## THE PROBLEM
Exactly the lines below starting at the line with "Attività con la" and ending at the line with "Avec ses 140" are wanted, with both ends included. Leave out the pictures and add no other lines.

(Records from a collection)
──────────────────────────────

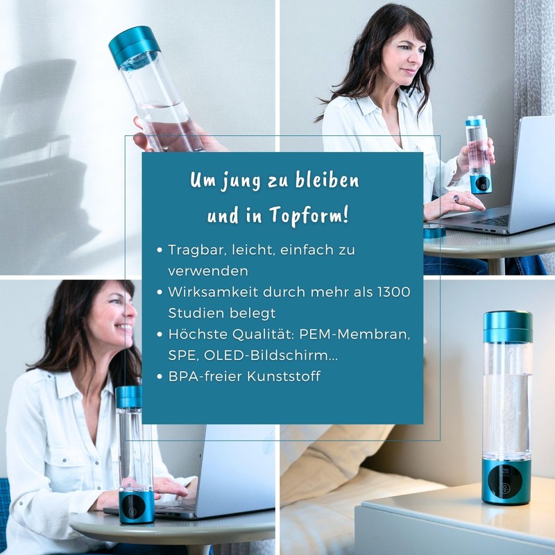 • Easy to use: one button, two 5 minute programs (for daily hydration, general well-being and light antioxidant support) and 10 minutes (recommended for people who want stronger antioxidant and anti-inflammatory effects, or for those who want to improve their athletic performance and recovery)
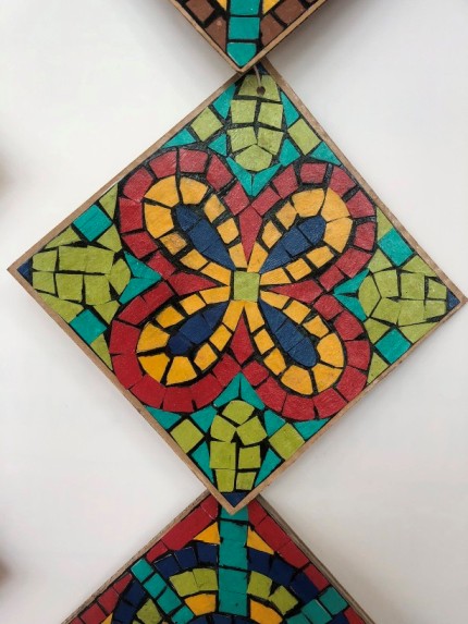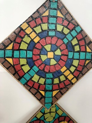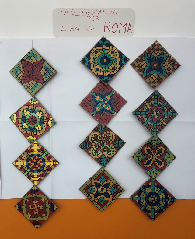 Attività con la tecnica del mosaico. Gli alunni hanno ritagliato i tasselli di cartoncino, li hanno incollati e verniciati per riprodurre le mattonelle delle domus dell’antica Roma.
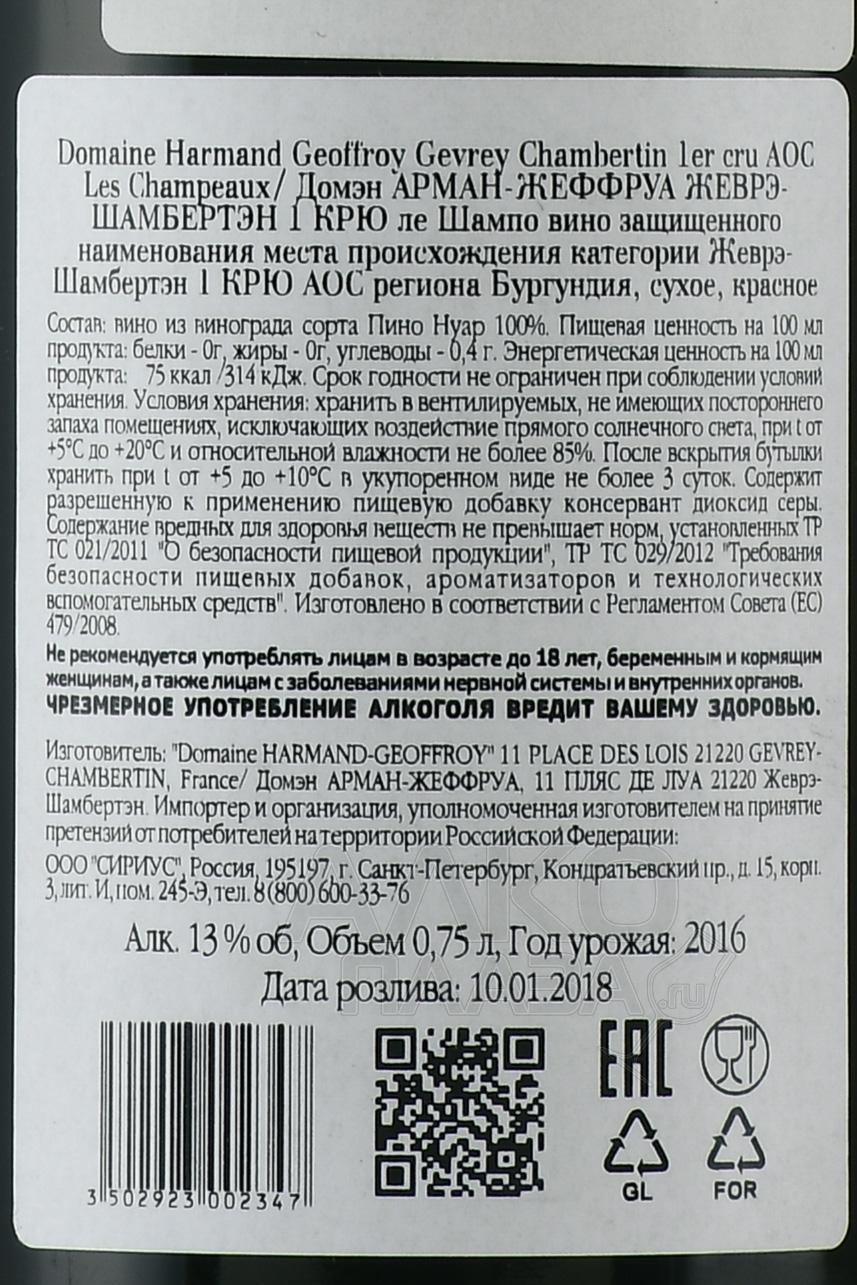 Красное сухое вино Domaine Harmand-Geoffroy Gevrey-Chambertin 1er Cru Les Champeaux 0.75 л защищенного наименования места происхождения — это моносепажный бургундский напиток супер-премиум-класса, созданный из сорта Пино Нуар, выращенного на винограднике Ле Шампо в Жевре-Шамбертене и собранного ручным методом в один урожайный год. Лозы имеют очень солидный возраст. После ферментации вино выдерживается в бочках из древесины французского дуба. Производитель рекомендует перед дегустацией напиток декантировать для того, чтобы вкусоаромат раскрылся в полной мере.
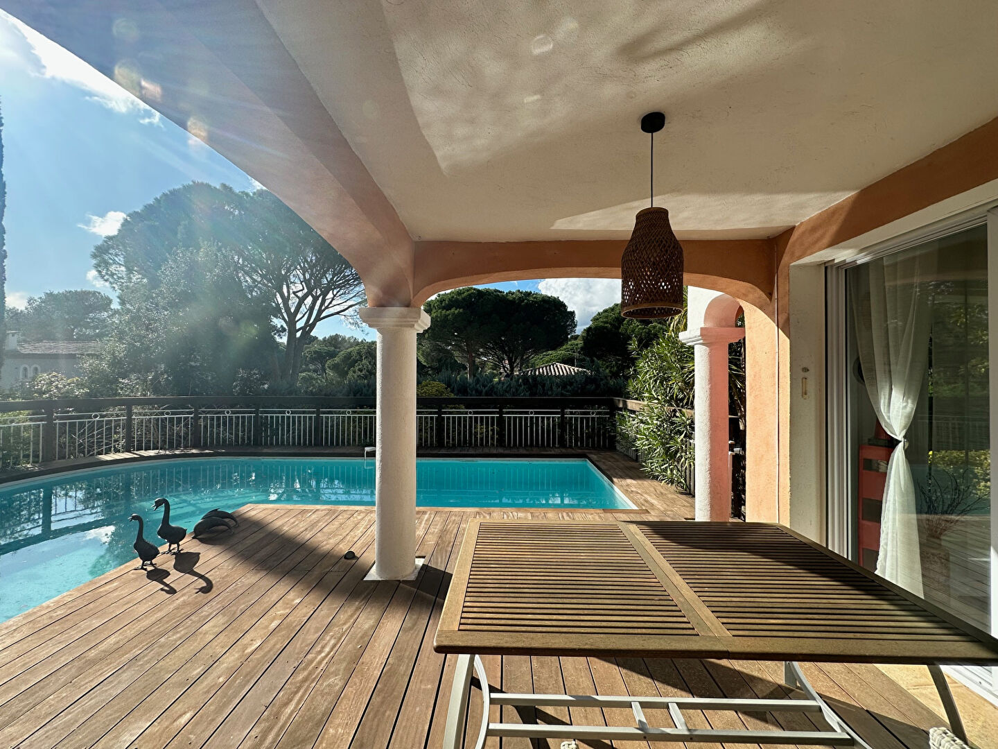 Avec ses 140 m² habitables, cette villa en impasse offre un cadre de vie exceptionnel. Elle comprend une belle entrée, un séjour double lumineux donnant accès direct à l'extérieur, une cuisine moderne et fonctionnelle, 4 chambres, 3 salles d'eau, 3 WC, un bureau, une buanderie ainsi qu'une cave. Le tout implanté sur un terrain de plus de 800m² - en position dominante - bénéficiant d'une belle piscine de forme libre, idéal pour se détendre en famille ou entre amis. Ne manquez pas cette opportunité unique. Contactez votre agence Laforet Immobilier de Saint Raphael dès aujourd'hui pour organiser une visite
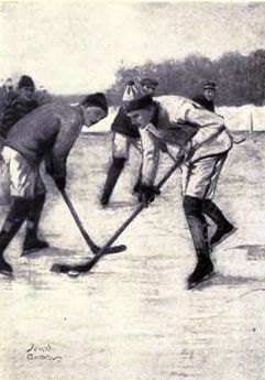 The goal warmed the hearts of the Oak Hall seven wonderfully, and when the puck was again placed in position, they went for it like hungry cats after a mouse. The exchange of blows was rapid, and the disc was stolen and recovered half a dozen times in as many seconds. Then came a long drive by Ben, and another by Dave, and then a Rockville player sent it out of bounds. Bringing it back gave the lads time to recover their breath, and again they went at it with a determination that was terrific.
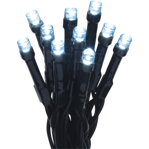 Az 1,42 m hosszú LED-es fényfüzérrel modern és letisztult hangulatot teremthet. A 20 hidegfehér LED intenzív, ragyogó fényt biztosít, amely ünnepi dekorációként tökéletes. Egyszerű fekete kábelének köszönhetően diszkréten illeszkedik bármilyen környezetbe, és a ragyogó fényekre irányítja a fókuszt. Rugalmas használat az elemes működésnek és az időzítőnek köszönhetően A fényfüzér két AA elemmel működik (külön kapható). Így konnektortól függetl

──────────────────────────────

## ANSWER FOR THIS EXERCISE
 Attività con la tecnica del mosaico. Gli alunni hanno ritagliato i tasselli di cartoncino, li hanno incollati e verniciati per riprodurre le mattonelle delle domus dell’antica Roma.
 Красное сухое вино Domaine Harmand-Geoffroy Gevrey-Chambertin 1er Cru Les Champeaux 0.75 л защищенного наименования места происхождения — это моносепажный бургундский напиток супер-премиум-класса, созданный из сорта Пино Нуар, выращенного на винограднике Ле Шампо в Жевре-Шамбертене и собранного ручным методом в один урожайный год. Лозы имеют очень солидный возраст. После ферментации вино выдерживается в бочках из древесины французского дуба. Производитель рекомендует перед дегустацией напиток декантировать для того, чтобы вкусоаромат раскрылся в полной мере.
 Avec ses 140 m² habitables, cette villa en impasse offre un cadre de vie exceptionnel. Elle comprend une belle entrée, un séjour double lumineux donnant accès direct à l'extérieur, une cuisine moderne et fonctionnelle, 4 chambres, 3 salles d'eau, 3 WC, un bureau, une buanderie ainsi qu'une cave. Le tout implanté sur un terrain de plus de 800m² - en position dominante - bénéficiant d'une belle piscine de forme libre, idéal pour se détendre en famille ou entre amis. Ne manquez pas cette opportunité unique. Contactez votre agence Laforet Immobilier de Saint Raphael dès aujourd'hui pour organiser une visite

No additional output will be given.